# TASK INPUT
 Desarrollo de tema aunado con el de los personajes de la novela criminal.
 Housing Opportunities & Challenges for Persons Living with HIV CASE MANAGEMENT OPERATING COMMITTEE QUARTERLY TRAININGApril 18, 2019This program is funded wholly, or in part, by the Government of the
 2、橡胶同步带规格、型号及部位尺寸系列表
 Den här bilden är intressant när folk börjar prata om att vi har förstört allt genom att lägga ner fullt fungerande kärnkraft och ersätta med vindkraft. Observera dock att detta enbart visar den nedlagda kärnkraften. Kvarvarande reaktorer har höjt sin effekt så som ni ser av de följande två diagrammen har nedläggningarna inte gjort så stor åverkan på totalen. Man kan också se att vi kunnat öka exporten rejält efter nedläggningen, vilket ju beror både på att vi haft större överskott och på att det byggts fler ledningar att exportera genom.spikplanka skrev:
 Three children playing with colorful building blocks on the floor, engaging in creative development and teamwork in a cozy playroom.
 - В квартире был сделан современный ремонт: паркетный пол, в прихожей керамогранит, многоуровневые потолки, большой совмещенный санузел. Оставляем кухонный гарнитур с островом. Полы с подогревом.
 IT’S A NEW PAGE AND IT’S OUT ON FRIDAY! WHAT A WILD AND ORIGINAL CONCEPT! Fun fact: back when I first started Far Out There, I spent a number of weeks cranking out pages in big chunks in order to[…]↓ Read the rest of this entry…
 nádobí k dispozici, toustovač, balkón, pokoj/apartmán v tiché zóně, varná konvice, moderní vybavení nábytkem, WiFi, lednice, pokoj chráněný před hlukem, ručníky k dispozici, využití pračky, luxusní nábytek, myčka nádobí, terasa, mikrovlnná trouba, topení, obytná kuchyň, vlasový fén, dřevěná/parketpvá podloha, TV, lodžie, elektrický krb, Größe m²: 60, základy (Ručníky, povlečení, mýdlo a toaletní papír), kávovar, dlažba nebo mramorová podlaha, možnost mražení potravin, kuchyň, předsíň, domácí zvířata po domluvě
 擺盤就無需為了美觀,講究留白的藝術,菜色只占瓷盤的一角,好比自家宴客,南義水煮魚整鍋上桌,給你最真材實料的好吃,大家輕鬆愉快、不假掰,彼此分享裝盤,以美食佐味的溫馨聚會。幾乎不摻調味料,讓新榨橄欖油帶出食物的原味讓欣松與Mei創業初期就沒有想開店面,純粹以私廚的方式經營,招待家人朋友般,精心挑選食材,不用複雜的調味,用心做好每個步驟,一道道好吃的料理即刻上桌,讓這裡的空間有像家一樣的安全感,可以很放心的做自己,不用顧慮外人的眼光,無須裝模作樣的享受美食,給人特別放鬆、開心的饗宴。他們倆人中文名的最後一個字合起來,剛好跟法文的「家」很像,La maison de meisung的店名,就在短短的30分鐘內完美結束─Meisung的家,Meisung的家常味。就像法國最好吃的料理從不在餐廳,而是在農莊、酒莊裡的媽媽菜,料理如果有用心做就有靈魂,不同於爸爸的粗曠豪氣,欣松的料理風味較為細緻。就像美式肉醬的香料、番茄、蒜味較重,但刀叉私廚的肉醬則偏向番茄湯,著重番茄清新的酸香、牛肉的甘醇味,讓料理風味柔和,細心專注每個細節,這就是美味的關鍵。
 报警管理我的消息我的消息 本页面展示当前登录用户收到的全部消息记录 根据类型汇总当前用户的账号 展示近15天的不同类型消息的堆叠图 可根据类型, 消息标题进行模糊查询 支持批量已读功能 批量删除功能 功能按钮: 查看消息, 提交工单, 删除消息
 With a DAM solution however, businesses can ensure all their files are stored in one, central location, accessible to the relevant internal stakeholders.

# WHAT YOU SHOULD DO
Beginning with the first line of the listing above, please write out every line exactly until you reach the line that contains "- В квартире", and include that one too.

# EXERCISE RESPONSE
 Desarrollo de tema aunado con el de los personajes de la novela criminal.
 Housing Opportunities & Challenges for Persons Living with HIV CASE MANAGEMENT OPERATING COMMITTEE QUARTERLY TRAININGApril 18, 2019This program is funded wholly, or in part, by the Government of the
 2、橡胶同步带规格、型号及部位尺寸系列表
 Den här bilden är intressant när folk börjar prata om att vi har förstört allt genom att lägga ner fullt fungerande kärnkraft och ersätta med vindkraft. Observera dock att detta enbart visar den nedlagda kärnkraften. Kvarvarande reaktorer har höjt sin effekt så som ni ser av de följande två diagrammen har nedläggningarna inte gjort så stor åverkan på totalen. Man kan också se att vi kunnat öka exporten rejält efter nedläggningen, vilket ju beror både på att vi haft större överskott och på att det byggts fler ledningar att exportera genom.spikplanka skrev:
 Three children playing with colorful building blocks on the floor, engaging in creative development and teamwork in a cozy playroom.
 - В квартире был сделан современный ремонт: паркетный пол, в прихожей керамогранит, многоуровневые потолки, большой совмещенный санузел. Оставляем кухонный гарнитур с островом. Полы с подогревом.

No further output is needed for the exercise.